In the previous section, we only run the ingestion and transformation steps for the current date. We need to modify those functions by including a new parameter for_date. Then, we set the value of valid_from and expired field according to for_date.

In [25]:
def load_data(csv_file: str, for_date: Optional[datetime] = None) -> None:
    extracted_data = pd.read_csv(csv_file, sep=";")

    extracted_data["fingerprint"] = extracted_data["prop_id"].astype(
        str
    ) + extracted_data["price"].astype(str)
    extracted_data["id"] = [uuid.uuid4()
                            for _ in range(len(extracted_data.index))]
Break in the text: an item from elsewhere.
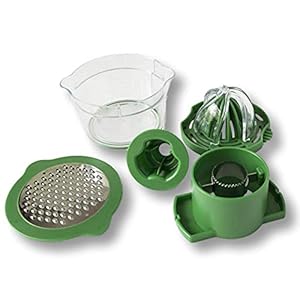 GET IN AND OUT OF THE KITCHEN FAST by using one tool to grate, juice, core, and measure. No need to drag out your electric appliances and several other tools – just prepare your food and pop all the parts in the dishwasher for quick prep and clean-up. The multi functional juicer also works ans an egg yolk separator when you flip it over!

    session.execute(text("DROP TABLE IF EXISTS tmp_housing"))
    session.commit()

    extracted_data.to_sql("tmp_housing", engine)

    expired: datetime = datetime.today()
    if for_date is not None:
        expired = for_date
    expired = expired - timedelta(days=1)
    expired = expired.replace(hour=23, minute=59, second=59)
    expired = expired.strftime("%Y-%m-%d %H:%M:%S")
    update_updated_n_deleted_props_sql = f"""UPDATE housing_staging
            SET expired = '{expired}' 
            WHERE id IN (SELECT h.id 
                FROM housing_staging h
                LEFT JOIN tmp_housing t
                ON h.prop_id = t.prop_id
                AND h.expired IS NULL
                WHERE t.prop_id IS NULL
                OR h.fingerprint != t.fingerprint
            )
            """
    session.execute(text(update_updated_n_deleted_props_sql))
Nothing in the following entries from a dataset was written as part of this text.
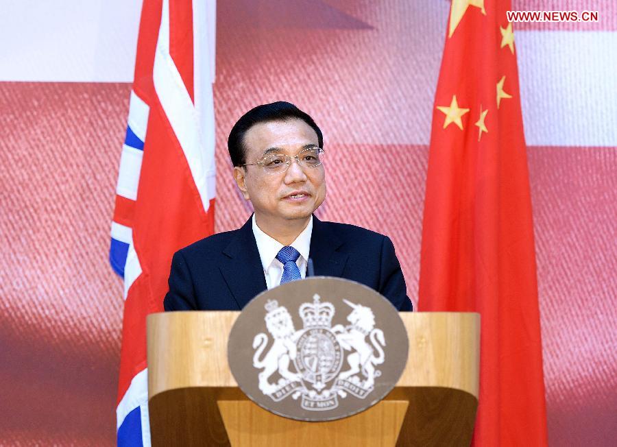Chinese Premier Li Keqiang addresses the UK-China Financial Forum in London, capital of Britain, June 18, 2014. (Xinhua/Li Tao)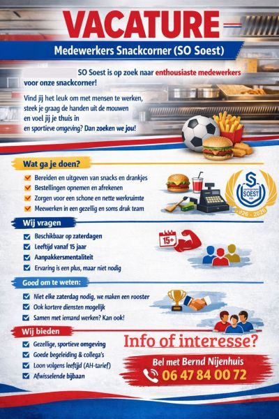 SO Soest is op zoek naar enthousiaste medewerkers voor onze snackcorner. Vind jij het leuk om met mensen te werken, steek je graag de handen uit de mouwen en voel jij je thuis in een sportieve omgeving? Dan zoeken we jou!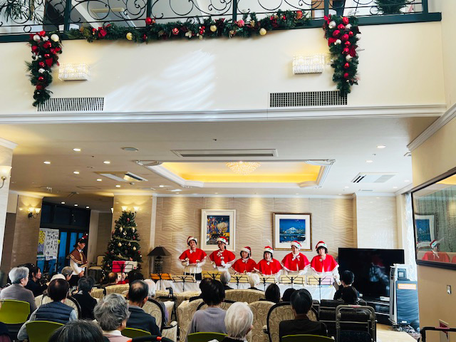 毎年来ていただいているボランティア団体の方々が、クリスマスソングや懐かしの曲を、ハンドベルやオカリナ、鍵盤ハーモニカを使って演奏してくださいます!

    valid_from: datetime = datetime.today()
    if for_date is not None:
        valid_from = for_date
    valid_from = valid_from.replace(hour=0, minute=0, second=0)
    valid_from = valid_from.strftime("%Y-%m-%d %H:%M:%S")
    insert_new_or_updated_props_sql = f"""
        INSERT INTO housing_staging (
            id, prop_id,
            house_type, has_furniture,
            price, surface,
            fingerprint, valid_from
        ) (SELECT t.id, t.prop_id,
            t.house_type, t.has_furniture,
            t.price, t.surface,
            t.fingerprint, '{valid_from}'
            FROM tmp_housing t
            LEFT JOIN housing_staging h
            AND h.expired IS NULL
            ON t.prop_id = h.prop_id
            WHERE h.prop_id IS NULL
            OR t.fingerprint != h.fingerprint
        )
        """
    session.execute(text(insert_new_or_updated_props_sql))
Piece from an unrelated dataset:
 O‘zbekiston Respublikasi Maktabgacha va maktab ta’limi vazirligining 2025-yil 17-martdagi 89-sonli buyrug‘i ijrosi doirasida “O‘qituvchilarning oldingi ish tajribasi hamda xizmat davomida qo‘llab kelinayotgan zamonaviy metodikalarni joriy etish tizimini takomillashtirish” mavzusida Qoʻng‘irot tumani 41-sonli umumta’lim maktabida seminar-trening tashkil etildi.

    session.execute(text("DROP TABLE tmp_housing"))
    session.commit()

For the transformation step, we will need to adjust the condition. In the previous version, we take the rows where the expired field is NULL because we were running for the current day.

If we recompute data in the housing_model table for day D given the following days’ data has been loaded in the housing_staging table, we will only take rows that are valid until day D and are expired from the end of day D or are still active.

In [None]:
def transform_data(for_date: Optional[datetime] = None):

    date: datetime = datetime.today()
    if for_date is not None:
    date = for_date
    date = date.replace(hour=0, minute=0, second=0)
    date = date.strftime("%Y-%m-%d %H:%M:%S")

    transform_data_sql = f"""
            INSERT INTO housing_model(
                date, house_type, has_furniture, nb_props,
                avg_price, avg_price_per_m2
            ) (SELECT '{date}', house_type, has_furniture,
                COUNT(prop_id) nb_props, AVG(price) avg_price,
                AVG(price/surface) avg_price_per_m2
                FROM housing_staging
                WHERE valid_from <= '{date}'
                AND (expired IS NULL OR expired > '{date}')
                GROUP BY house_type, has_furniture
            ) 
            """
            
    session.execute(text(transform_data_sql))

And that’s it, you have the data ingestion and transformation necessary to analyze housing price data over time.

## Conclusion

In this lab, we applied change data capture and slowly changing dimension type 2 modelization to build a model for housing price analysis.